Annual recurring revenue (ARR) soared 54% to $2.34 billion, also ahead of the consensus. However, net new annual recurring revenue is what disappointed investors as it came in at $198.1M, missing the estimate of $209M.
The company blamed weak ARR on increased macroeconomic headwinds which “elongated sales cycles with smaller customers and caused some larger customers to pursue multi-phase subscription start dates, which delays ARR recognition until future quarters.”
For this quarter, CRWD sees adjusted EPS in the range of $0.42-0.45, easily ahead of the consensus of $0.34. Revenue is seen between $619.1M and $628.2M, a miss relative to the $632.84M consensus.
For FY2023, CrowdStrike raised the adjusted EPS forecast to $1.49-1.52 from $1.31-1.33. Revenue is seen between $2.22B and $2.23B. Analysts were expecting FY23 adjusted EPS of $1.32 on revenue of $2.23B.
Stifel analysts downgraded CrowdStrike shares to Hold from Buy after a “messy” and “disappointing” quarter.
“Although management’s preliminary CY24 outlook was below consensus, we believe it could take a few quarters until expectations are fully de-risked, and as a result, we lower our rating to Hold, meaningfully cut our estimates, and reduce our TP to $120,” they said in a client note.

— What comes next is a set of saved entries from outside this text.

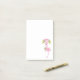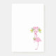Whimsical tropische Weihnachten post-it notiert. Ein extravagant rosa Flamingo mit einem Bein erhob sich. Tragen Sie eine rosa Weihnachtsmannmütze und etwas saisonale heilige. Ein Blumenstrauß mit Bonbons über ihrem Kopf.
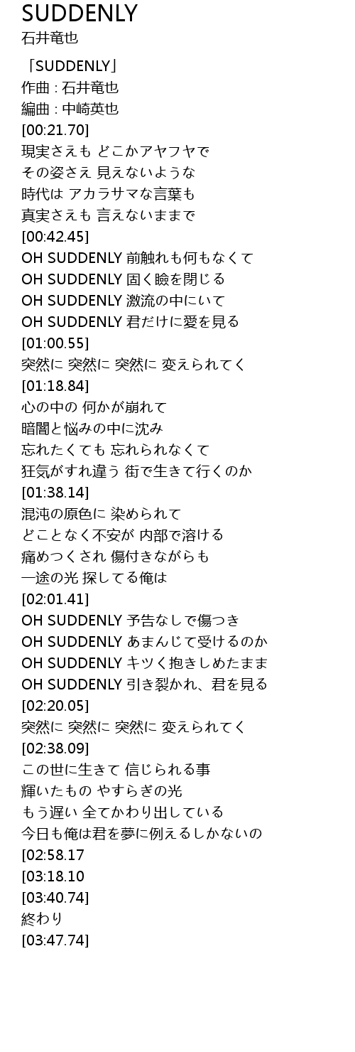 | [00:55.67] | OH SUDDENLY 君だけに愛を見る |
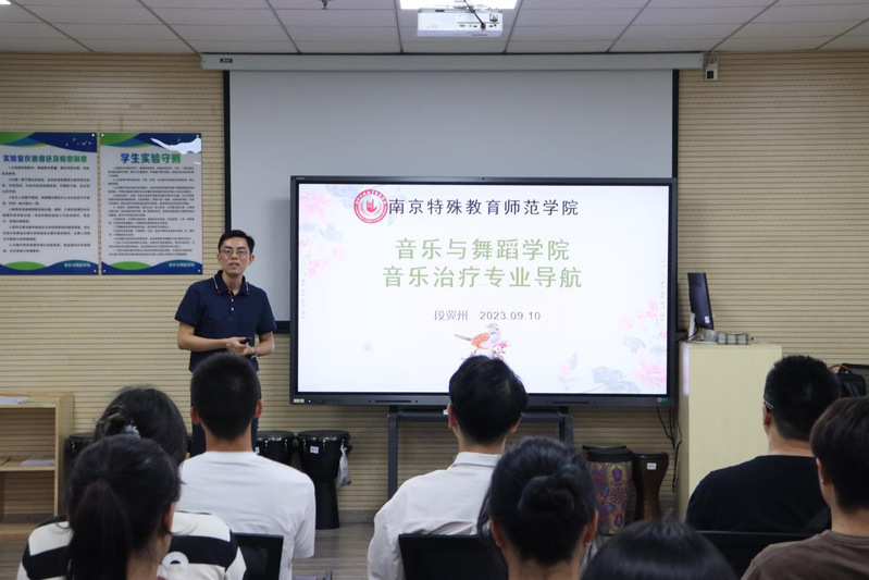 音乐治疗系主任段冀州与新生班主任张敏讷,带领同学们参观实验实训大楼音乐治疗室。段冀州主任就本专业的师资力量、专业建设情况、课程结构、培养目标进行介绍与讲解,并对大家的问题进行了耐心解答。段冀州主任希望同学们要有奉献精神、热爱音乐治疗,熟悉音乐治疗基础且能掌握音乐治疗各流派。

Mizuho analysts cut the price target to $175 per share from $205. While they note that the CRWD stock selloff is “understandable,” the analysts reiterated a Buy rating as the CrowdStrike story “remains intact.”
“While we’re certainly disappointed by these results, we believe CRWD’s cloud platform remains highly differentiated, its GTM is unrivaled, we’re still confident the co. can very successfully extend beyond traditional endpoint security markets, and FCF margins remain ~30%,” they told clients.